Takeover seems most plausible when humans have deployed the system as an agent, whose text outputs are treated as commands that are sent to actuators (like bash), and which chooses outputs in order to achieve desired outcomes. If you have limited control over what outcome the system is pursuing, you can end up with useful consequentialists who have a tendency to take over (since it's an effective way to pursue a wide range of outcomes, including natural generalizations of the ones it was selected to pursue during training).

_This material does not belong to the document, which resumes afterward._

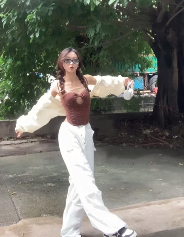 白色和棕色的搭配,實在是太顯高級和好看了,這一套虞書欣的同款穿搭,喜歡的姐妹們就學起來吧!棕色的背心,加上白色的上衣和褲子,50%的白色,讓你的造型配色看起來更乾淨清爽了。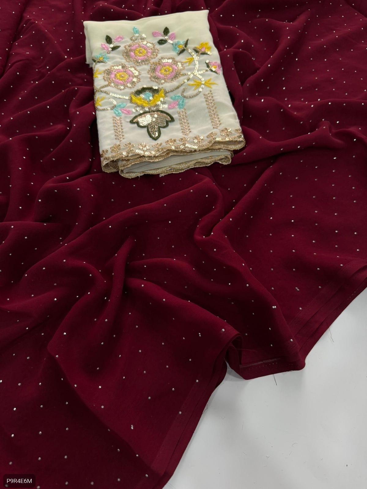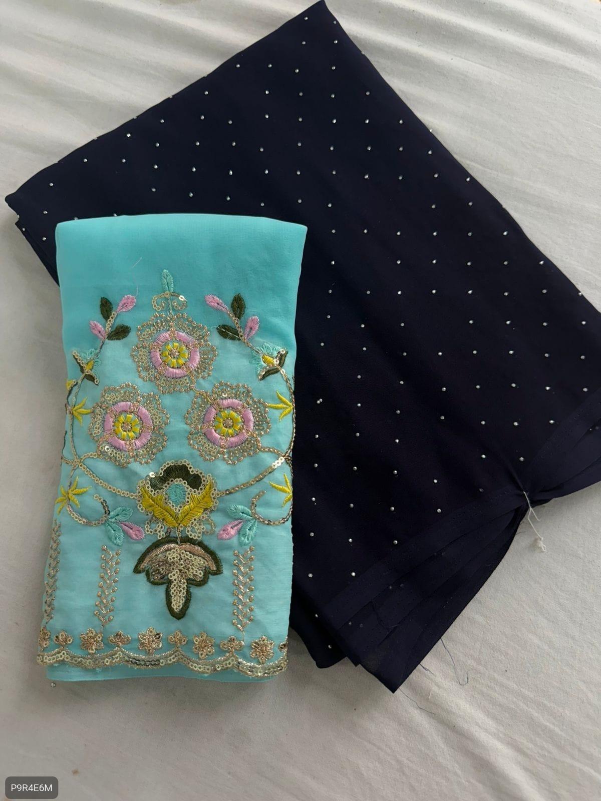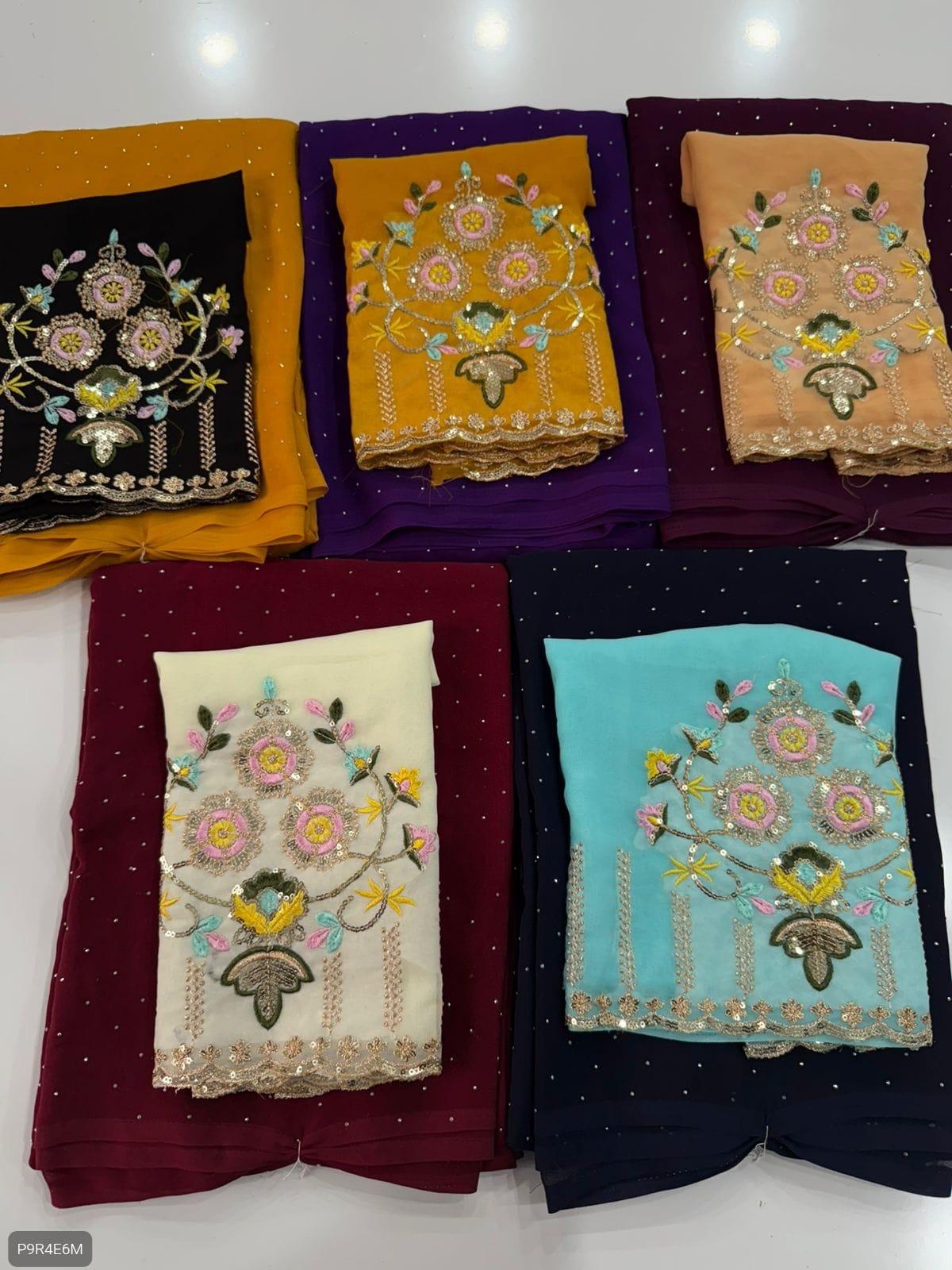 Pure georgette saree with all over seroski with beautiful embroidery & sequence work blouse

A few years ago it was maybe plausible to say that "that's not how people use GPT, they just ask it questions." Unfortunately (but predictably) that has become a common way to use GPT-4, and it is rapidly becoming more compelling as the systems improve. I think that in the relatively near future if you want an AI to help you with coding, rather than just getting completions you might say "Hey this function seems to be taking too long, could you figure out what's going on?" and the AI will e.g. do a bisection for you, set up a version of your code running in a test harness, ask you questions about desired behavior, and so on.

I don't think "the system gets extra GPUs to minimize cross entropy loss" in particular is very plausible. (Could happen, but not a high enough probability to be worth worrying about.)

Agreed, this seems to be the path that OpenAI is taking with plugins.

Saying that a system would possibly kill everyone is a strong claim, but you do not provide any details on why this would be the case.

At the same time you say you are against censorship, but will somehow support it if it will prevent the worst case scenario.

I guess everyone readibg will have their own ideas (race war, proliferation of cheaply made biological weapons, mass tax avoidance etc), but can you please elaborate and provide more details on why 10-20%?

I just state my view rather than arguing for it; it's a common discussion topic on LW and on my blog. For some articles where people make the case in a self-contained way see Without specific countermeasures the easiest path to transformative AI likely leads to AI takeover or AGI safety from first principles.

At the same time you say you are against censorship, but will somehow support it if it will prevent the worst case scenario.

I'm saying that I will try to help people get AI to do what they want. I mostly think that's good both now and in the future. There will certainly be some things people want their AI to do that I'll dislike but I don't think "no one can control AI" is very helpful for avoiding that and comes with other major costs (even today).

(Compared to the recent batch of SSC commenters I'm also probably less worried about the "censorship" that is happening today; the current extent seems overstated and I think people are making overly pessimistic about its likely future, overall I think this is way less of an issue than other limits on free speech right now that could be more appropriately described as "censorship.")

AI developers do not share my values.

If the AIs they create are aligned to them, they definitely will not do what I want.

If they aren't, they might.

So the problem to solve first is "AI Developer Alignment."

People who don't share your values can still build products you like. And amongst products that get made you can choose the ones you most like. Indeed, that's the way that the world usually works.

AI "alignment" seems to have transmuted into "forcing AI to express the correct politics" so subtly and quickly that no one noticed. Does anyone even care about the X-risk thing any more, or is it all now about making sure ChatGPT doesn't oppose abortion or whatever?

I think most people working on alignment care more about long term risks more than ensuring existing AIs express particular political opinions.

I don't think your comment is really accurate even as a description of alignment work on ChatGPT. Honesty and helpfulness are still each bigger deals than political correctness.

Essentially all of us on this particular website care about the X-risk side of things, and by far the majority of alignment content on this site is about that.